DATA UNDER STUDY below:
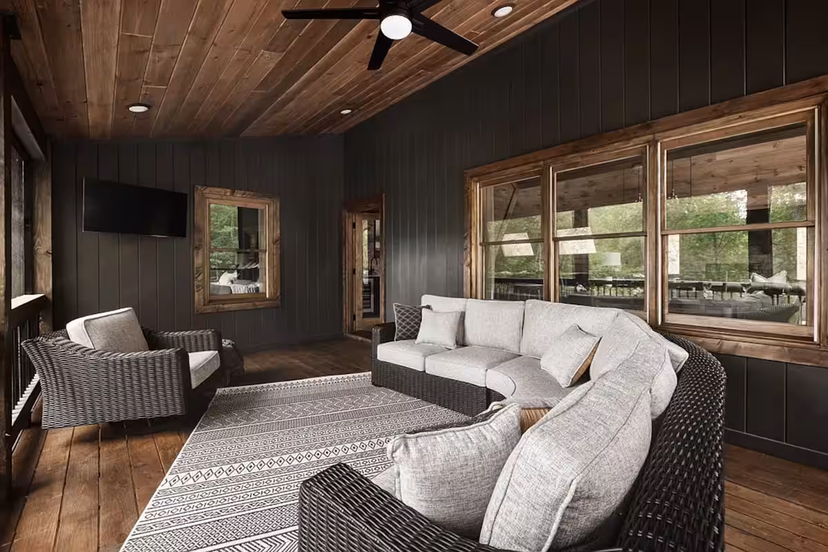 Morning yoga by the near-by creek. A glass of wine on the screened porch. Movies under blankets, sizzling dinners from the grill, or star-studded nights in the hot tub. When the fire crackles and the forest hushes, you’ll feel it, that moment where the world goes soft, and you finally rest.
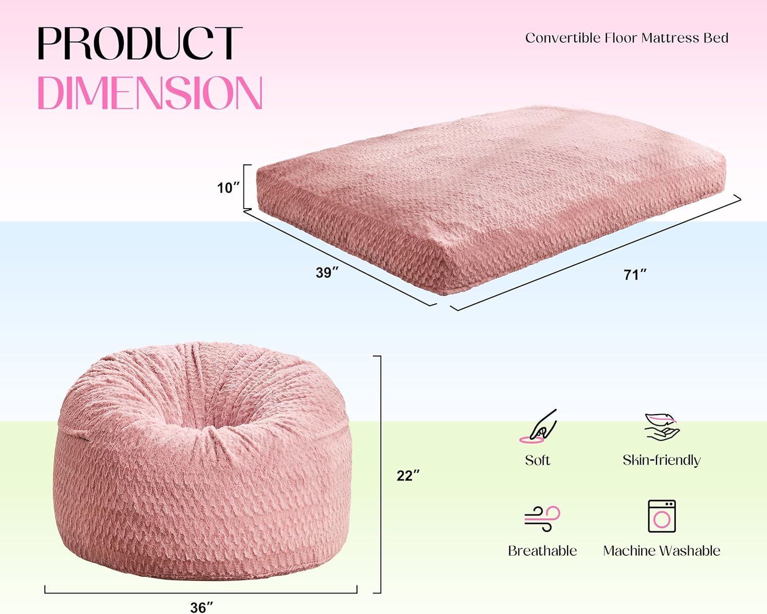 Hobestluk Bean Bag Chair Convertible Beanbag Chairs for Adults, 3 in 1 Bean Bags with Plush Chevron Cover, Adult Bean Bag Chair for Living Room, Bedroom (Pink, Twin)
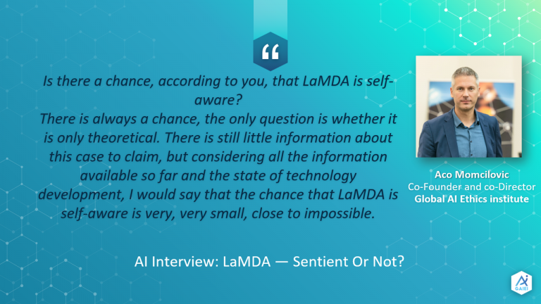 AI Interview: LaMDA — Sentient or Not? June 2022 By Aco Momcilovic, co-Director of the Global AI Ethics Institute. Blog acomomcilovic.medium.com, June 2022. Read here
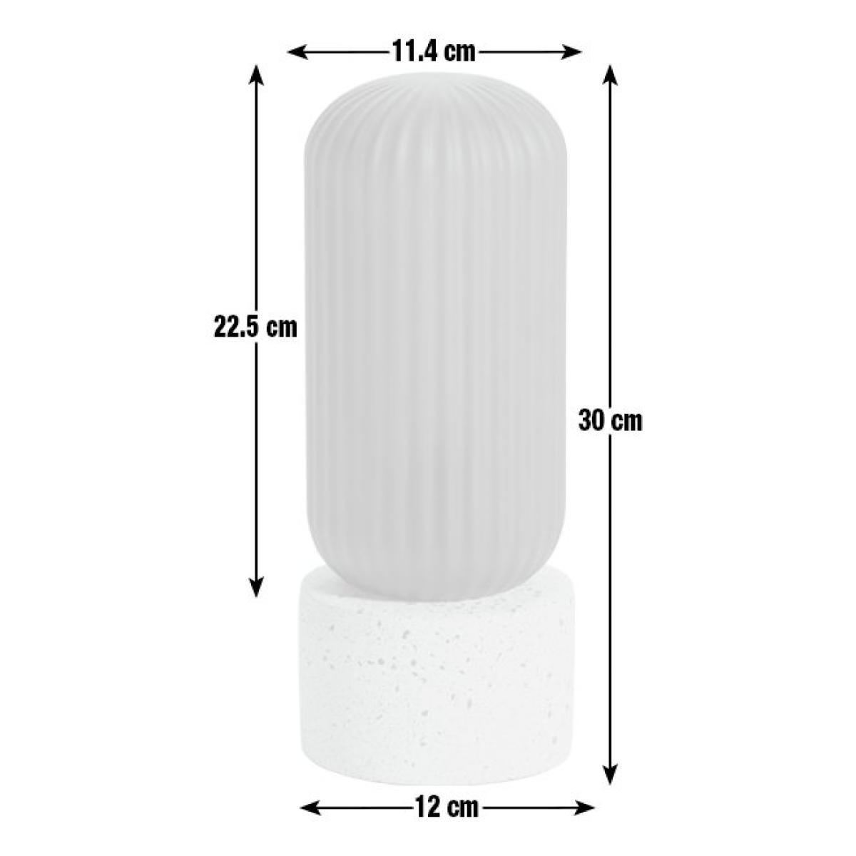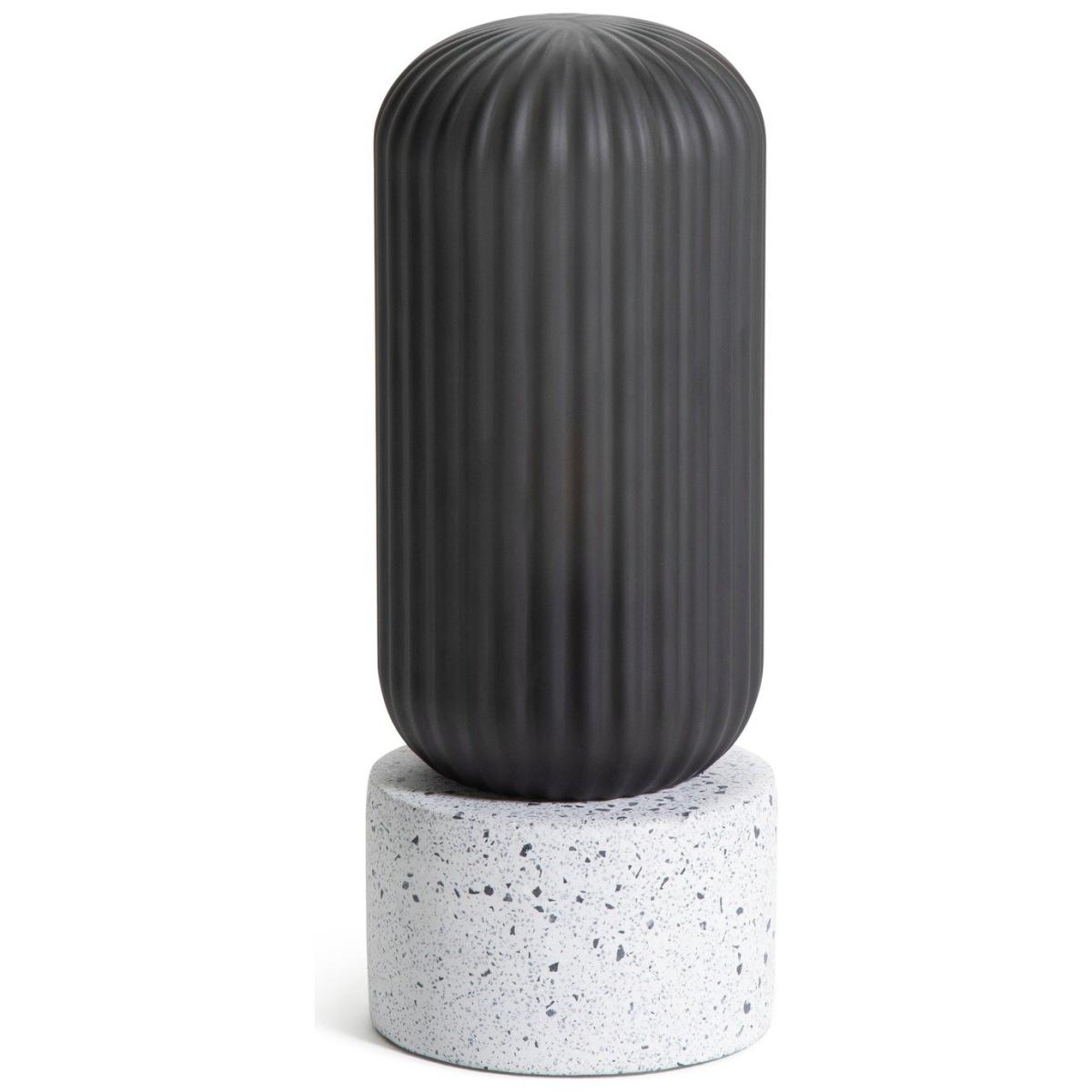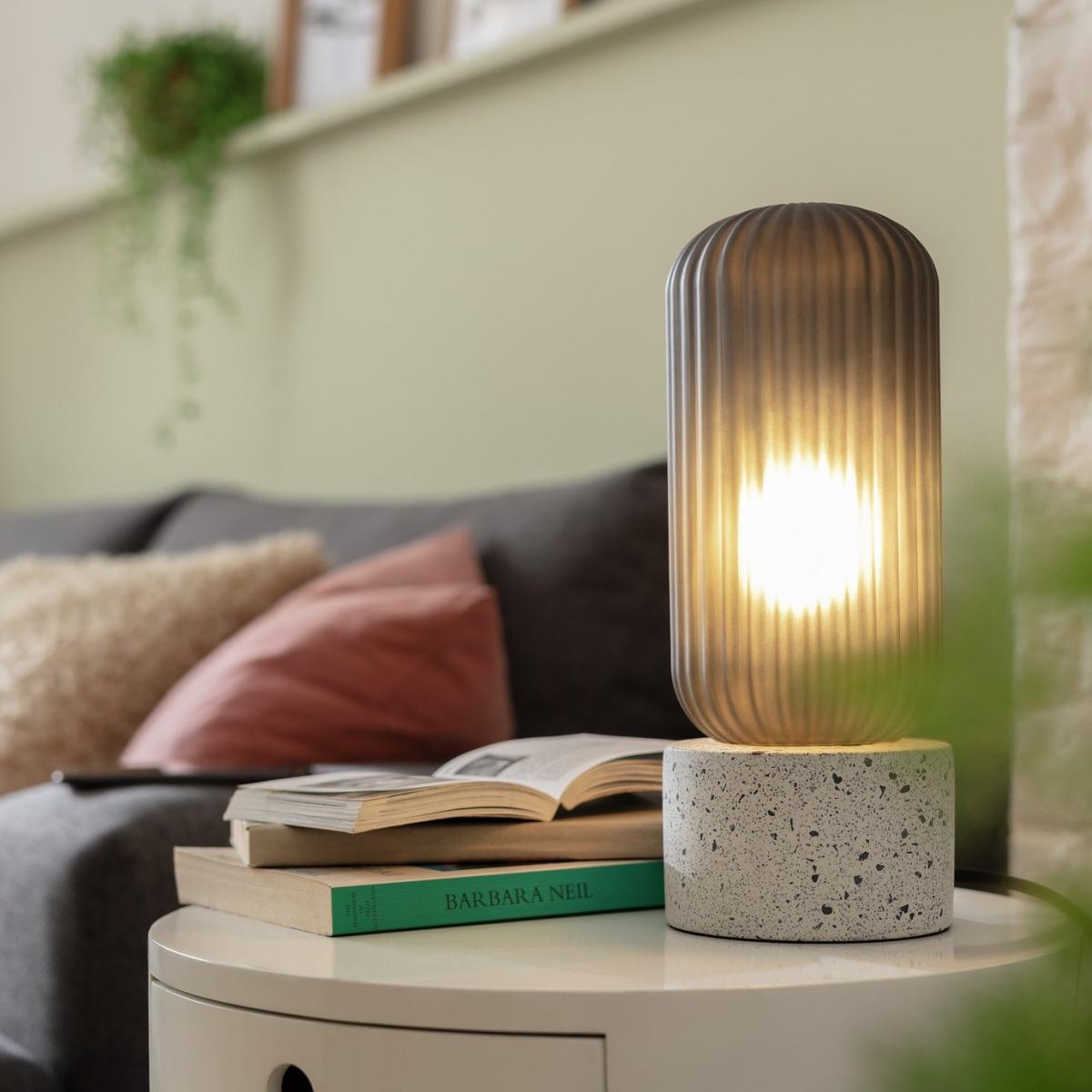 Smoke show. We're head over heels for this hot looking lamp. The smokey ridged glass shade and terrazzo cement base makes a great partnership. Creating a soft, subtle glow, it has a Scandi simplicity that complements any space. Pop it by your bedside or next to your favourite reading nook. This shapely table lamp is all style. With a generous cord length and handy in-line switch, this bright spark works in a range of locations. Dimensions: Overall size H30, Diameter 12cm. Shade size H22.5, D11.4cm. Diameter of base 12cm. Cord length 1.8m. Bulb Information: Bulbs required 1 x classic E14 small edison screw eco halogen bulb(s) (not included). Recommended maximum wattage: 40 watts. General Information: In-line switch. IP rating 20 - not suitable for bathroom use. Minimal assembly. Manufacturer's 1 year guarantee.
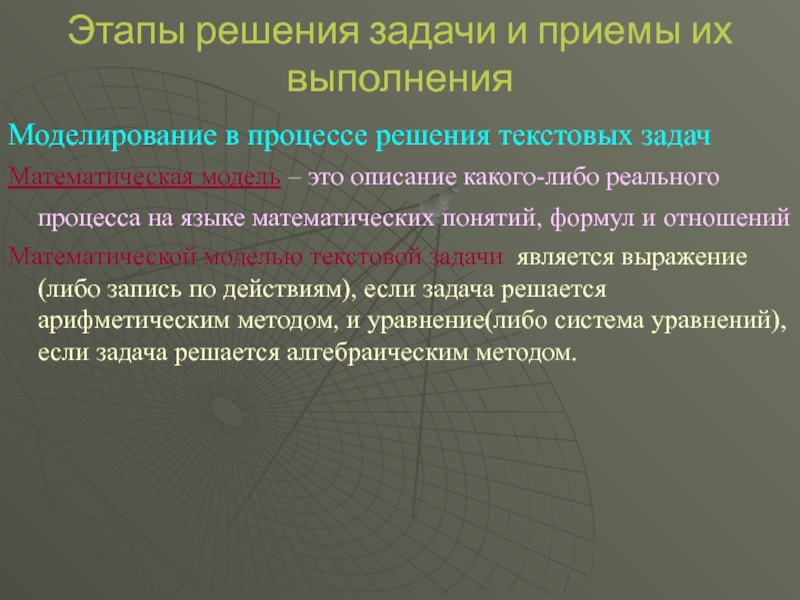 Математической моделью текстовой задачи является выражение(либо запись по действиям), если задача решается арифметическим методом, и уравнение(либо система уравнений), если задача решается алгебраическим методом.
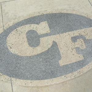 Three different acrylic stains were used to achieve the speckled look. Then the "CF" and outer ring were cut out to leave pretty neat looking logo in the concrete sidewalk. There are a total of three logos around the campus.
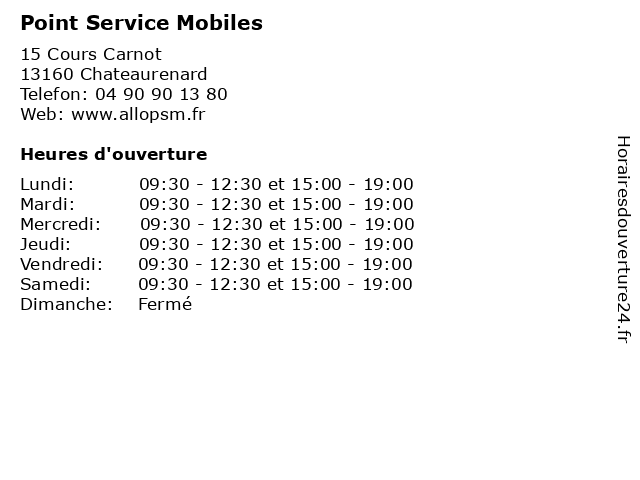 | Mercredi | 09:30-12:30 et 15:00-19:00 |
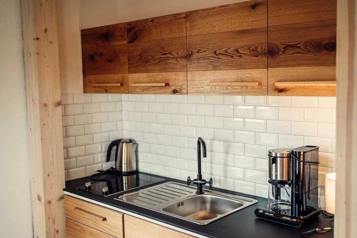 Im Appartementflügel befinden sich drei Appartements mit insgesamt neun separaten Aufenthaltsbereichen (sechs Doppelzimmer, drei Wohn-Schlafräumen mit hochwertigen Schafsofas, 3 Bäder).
End of DATA UNDER STUDY.
WHAT IS REQUIRED. Set the lines above down again, word for word, from the first through the one containing "Smoke show. We're"; pictures excluded.

RESPONSE AREA.
 Morning yoga by the near-by creek. A glass of wine on the screened porch. Movies under blankets, sizzling dinners from the grill, or star-studded nights in the hot tub. When the fire crackles and the forest hushes, you’ll feel it, that moment where the world goes soft, and you finally rest.
 Hobestluk Bean Bag Chair Convertible Beanbag Chairs for Adults, 3 in 1 Bean Bags with Plush Chevron Cover, Adult Bean Bag Chair for Living Room, Bedroom (Pink, Twin)
 AI Interview: LaMDA — Sentient or Not? June 2022 By Aco Momcilovic, co-Director of the Global AI Ethics Institute. Blog acomomcilovic.medium.com, June 2022. Read here
 Smoke show. We're head over heels for this hot looking lamp. The smokey ridged glass shade and terrazzo cement base makes a great partnership. Creating a soft, subtle glow, it has a Scandi simplicity that complements any space. Pop it by your bedside or next to your favourite reading nook. This shapely table lamp is all style. With a generous cord length and handy in-line switch, this bright spark works in a range of locations. Dimensions: Overall size H30, Diameter 12cm. Shade size H22.5, D11.4cm. Diameter of base 12cm. Cord length 1.8m. Bulb Information: Bulbs required 1 x classic E14 small edison screw eco halogen bulb(s) (not included). Recommended maximum wattage: 40 watts. General Information: In-line switch. IP rating 20 - not suitable for bathroom use. Minimal assembly. Manufacturer's 1 year guarantee.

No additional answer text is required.